SEMI projects cumulative 300 mm fab equipment outlays to reach USD 400 billion between 2025 and 2027, with foundries accounting for USD 230 billion of that total. New extreme-ultraviolet nodes and 3D-stacked DRAM lines magnify backside contamination risks, prompting fabs to specify dicing tools with electrostatic-charge suppression and hermetic chip-collection. As capacity ramps accelerate, particularly at TSMC, Samsung, and China’s domestic foundries, rapid tool delivery and field-service reach become procurement gatekeepers for equipment suppliers.

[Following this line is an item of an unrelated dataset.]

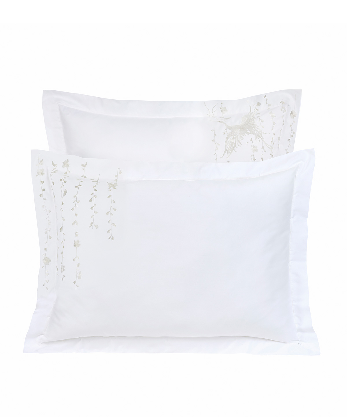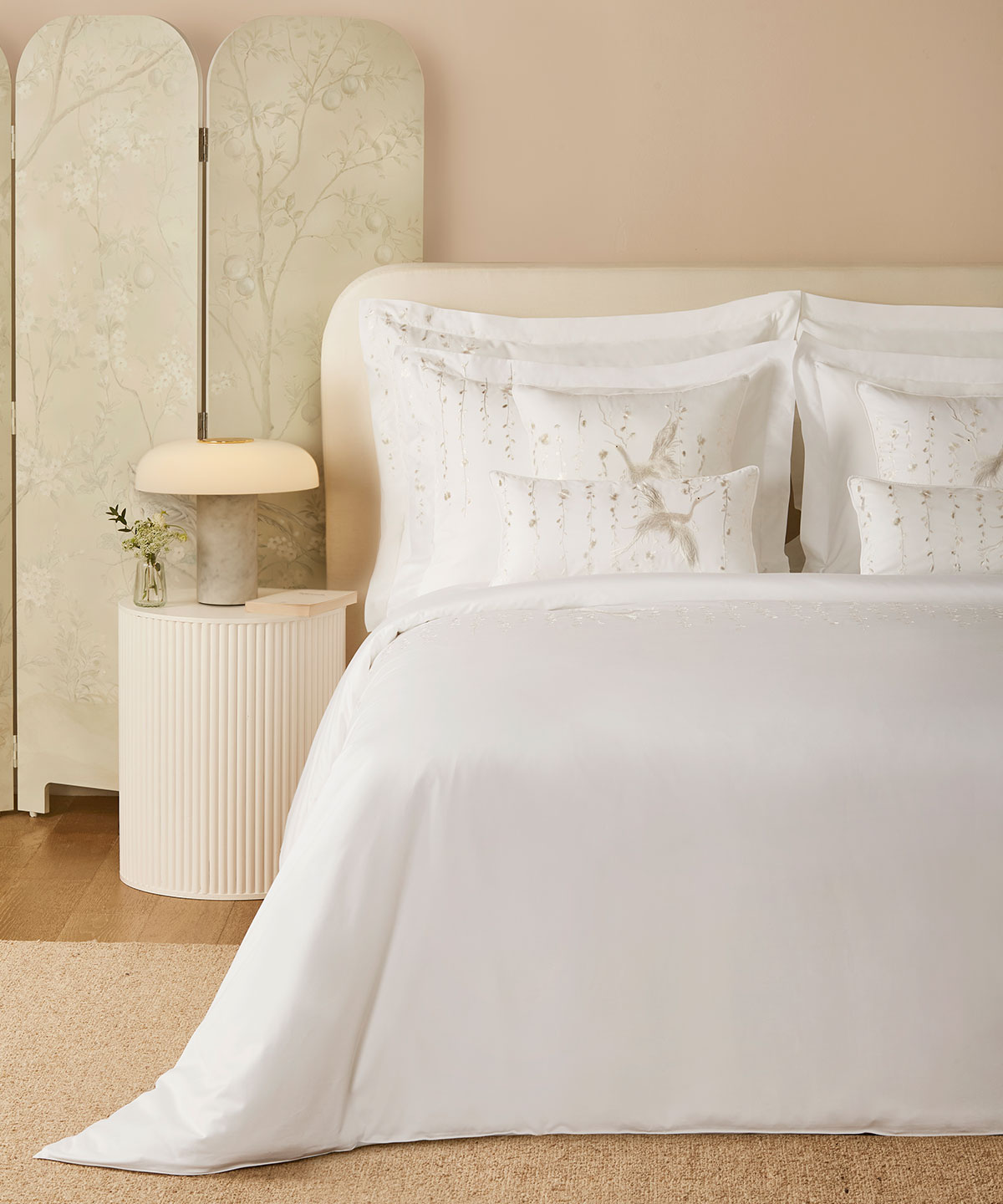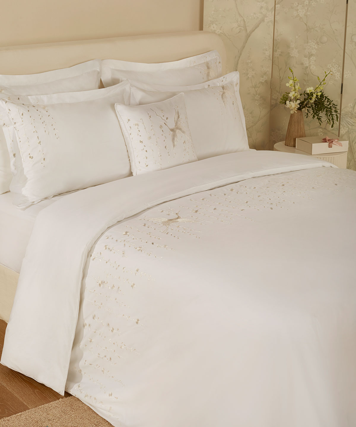 Fairy Tale là sự kết tinh giữa nét sang trọng tao nhã và kỹ nghệ thêu tinh xảo của Catherine Denoual Maison. Trên nền vải trắng tinh khôi, những sợi chỉ trắng khéo léo phác họa họa tiết thanh nhã, trở thành điểm nhấn nổi bật của bộ sưu tập. Bộ chăn ga gối được tô điểm bởi hình thêu chú cò duyên dáng, nhành dây leo rủ bóng cùng những cánh hoa e ấp, tạo nên bức tranh sống động đầy thi vị. Từng đường thêu mềm mại trên chất liệu Cotton Satin 500 sợi siêu dài mang lại vẻ kiêu sa, đằm thắm cho bộ sưu tập, góp phần làm bừng sáng và nâng tầm sự tinh tế, sang trọng cho không gian phòng ngủ của bạn.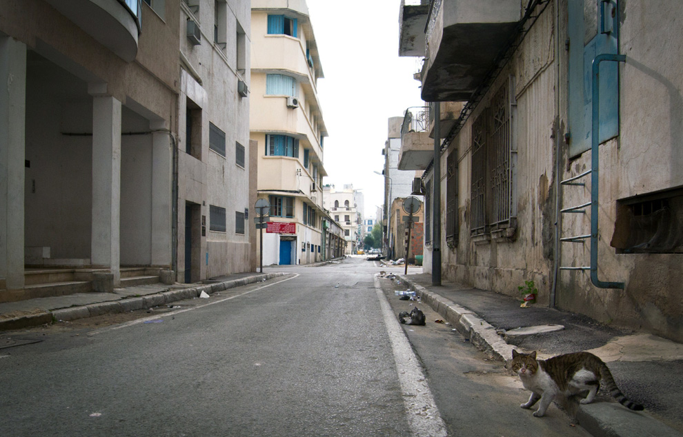 6 - A cat crosses an empty street on January 16, 2011 in the center of Tunis. Dozens of people crowded on Sunday at the few stalls open at the main market in Tunis as soldiers patrolled the streets but spirits were high after the overthrow of strongman Zine El Abidine Ben Ali. "Our children will live in a free country," said Mouna Ouerghi, 29, a university lecturer who was queuing for bread. "The situation is getting better," she said. "A lot of shops are open today. We believe in our people." (MARTIN BUREAU/AFP/Getty Images)

Stricter Slurry/Chemical Disposal Regulations

ISO 14644 cleanroom revisions and emerging PFAS controls require fabs to retrofit wastewater loops, install fluorinated-compound abatement systems, and adopt closed-loop coolants.Vendors that embed recycling modules and real-time particulate monitors inside dicing cells help customers meet regulatory thresholds while reducing utility bills; however, the added equipment cost and facility retrofit delay some purchase decisions.

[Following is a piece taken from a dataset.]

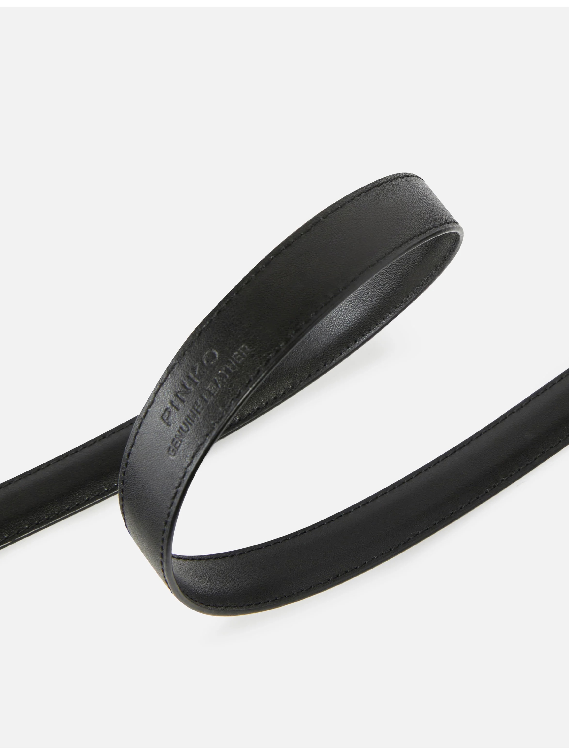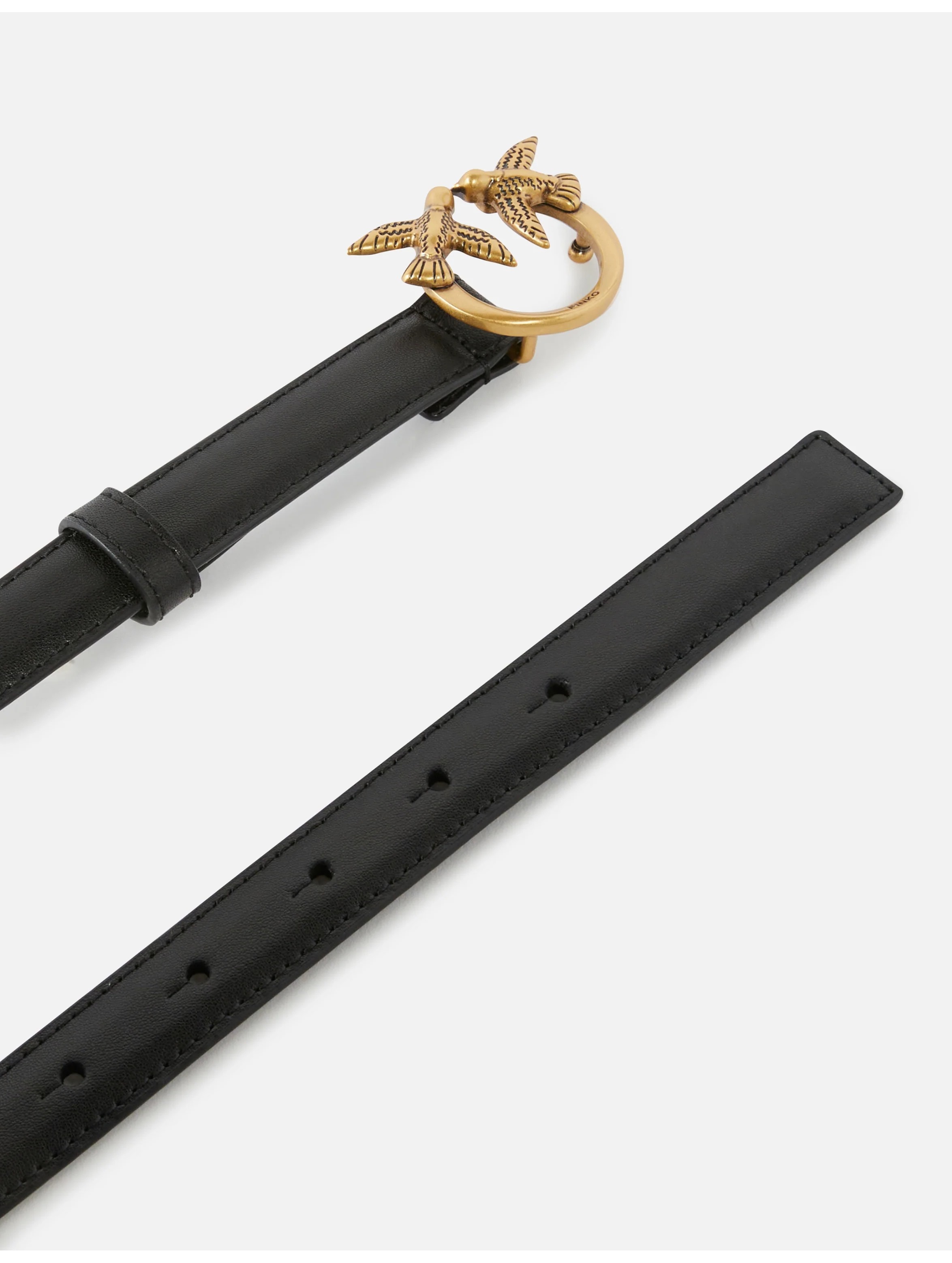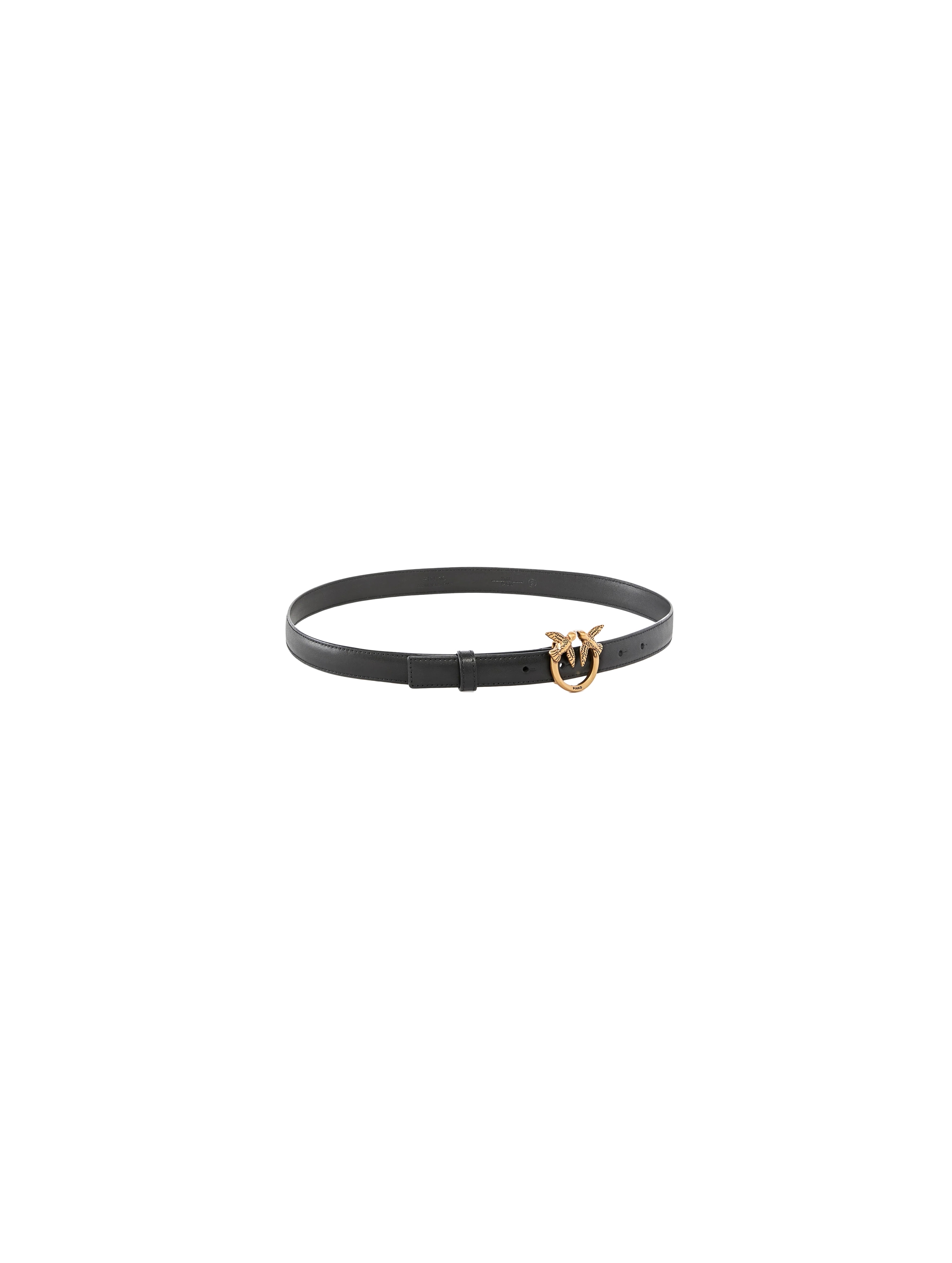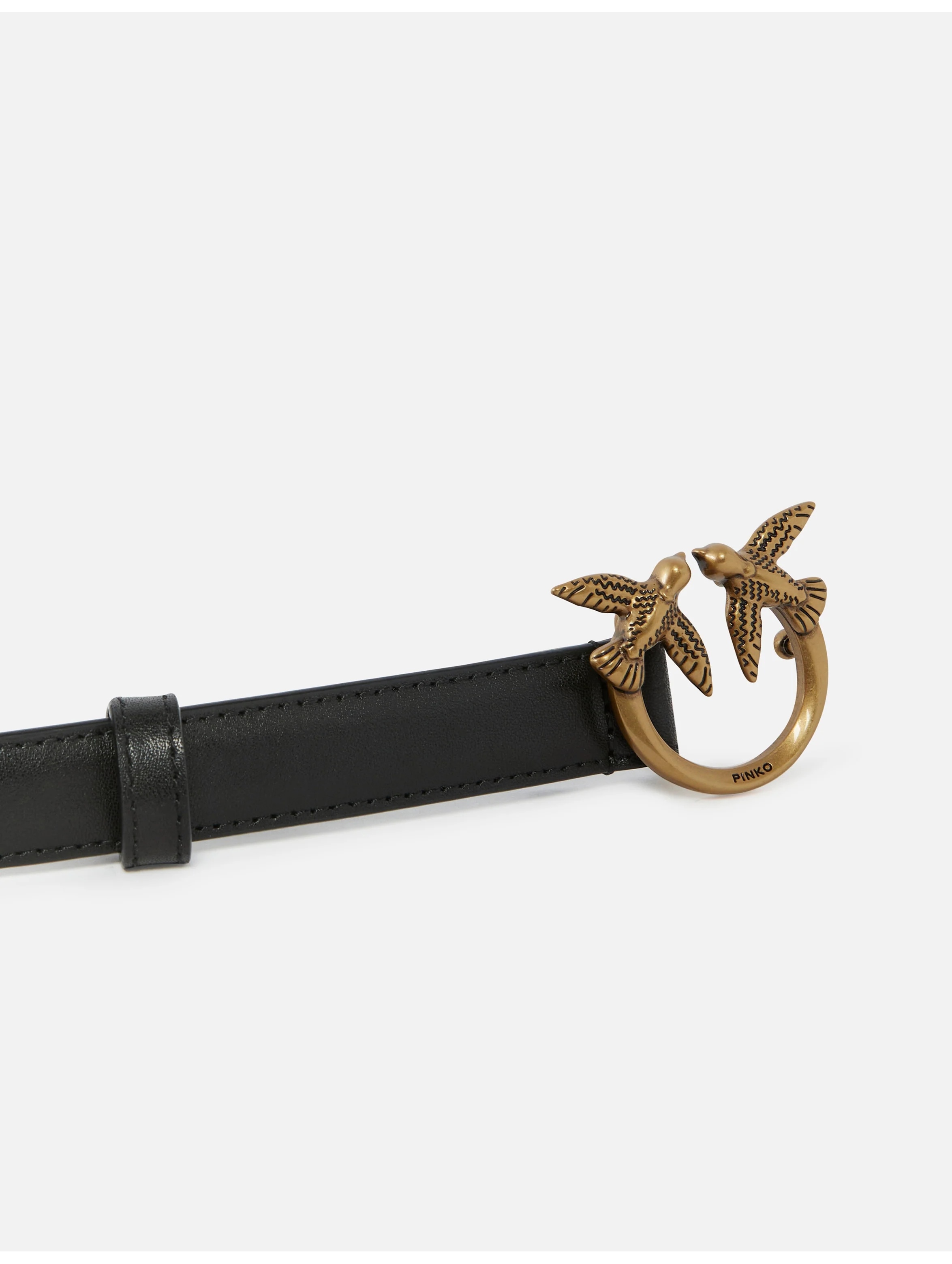 Cintura sottile realizzata in morbida pelle, lavorazione mano seta, con passante e iconica fibbia Love Bird Diamond Cut in metallo. Per look iconici e fashion. PINKO

Other drivers and restraints analyzed in the detailed report include:

• Rapid Adoption of 3D Packaging and Heterogeneous Integration
• Growing Deployment of Power Devices for EV and Renewables
• Laser Source Supply Bottlenecks and Rare-Earth Dependency

For complete list of drivers and restraints, kindly check the Table Of Contents.

Segment Analysis

Blade systems controlled 46.10% of the dicing equipment market in 2025, their cost-per-wafer edge and mature service networks suiting high-volume logic and memory lines. However, the laser segment is expanding at a 6.53% CAGR as sub-50 µm wafers proliferate, requiring kerf-free singulation that conventional blades cannot guarantee. Panasonic’s APX300 plasma platform enables 20 µm streets on 300 mm wafers, underscoring the performance leap plasma and laser tools deliver. Hybrid lines that combine blade rough-cutting with laser finishing are also gaining traction, striking a balance between throughput and die strength.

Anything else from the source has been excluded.